2nd Grade Collective Nouns Worksheets

A collective noun is a single word for a whole group: a herd of cows, a flock of sheep, a litter of kittens. Second graders learn the everyday pairings and pick the group word that belongs with each animal or crowd. It's half grammar, half vocabulary, and kids tend to enjoy it.

Free printable PDF, aligned to Common Core L.2.1.a. One skill per page, answer key on page two.

Every sheet is one of a kind and prints with a version code, so you can reprint the exact same one later. New version every click.

A sample 2nd grade sheet. Yours will have different sentences. Click it to print your own.

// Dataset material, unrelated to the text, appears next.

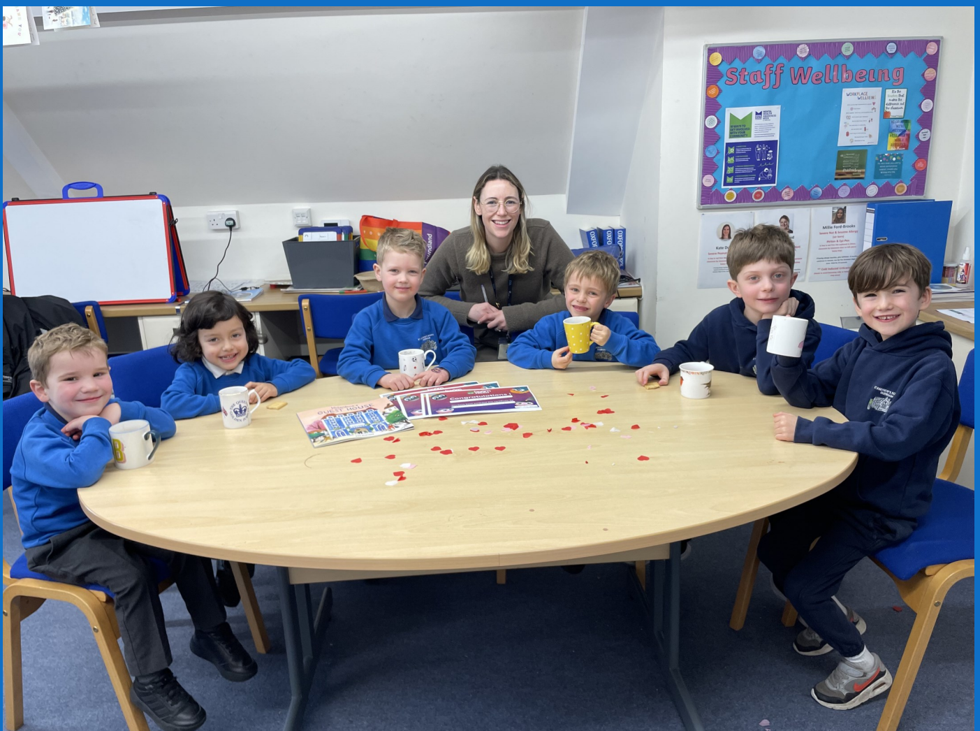
Boom Readers hot chocolate

The kind of sentences you'll get

Circle the letter of the group word that belongs in the sentence.

  1. Rosa's dog just had a ______ of six wiggly puppies. school · litter · swarm

    Answer: litter

  2. When thunder boomed, a ______ of birds burst from the oak tree. pod · flock · pride
  3. Our ______ of players wore bright red jerseys. herd · flock · team

Every print draws a fresh mix of sentences at this level, so a make-up test or a second sibling gets a different sheet.

What's on each sheet

Every version prints on US Letter or A4, with its answer key on the last page.

How to teach this

Treat the pairings like animal facts, because to a 7-year-old they are: fish swim in schools the way bears sleep in winter. Matching games and read-alouds do more than definitions here. When a child picks "a school of wolves," don't just correct it; ask what animal does belong in a school, and let the right pairing displace the wrong one.

Watch for: Group words are picky about their partners: a school of fish, but never a school of wolves. The pairings are conventions, learned like vocabulary. A collective noun counts as one thing, which is why we say the team practices, not the team practice.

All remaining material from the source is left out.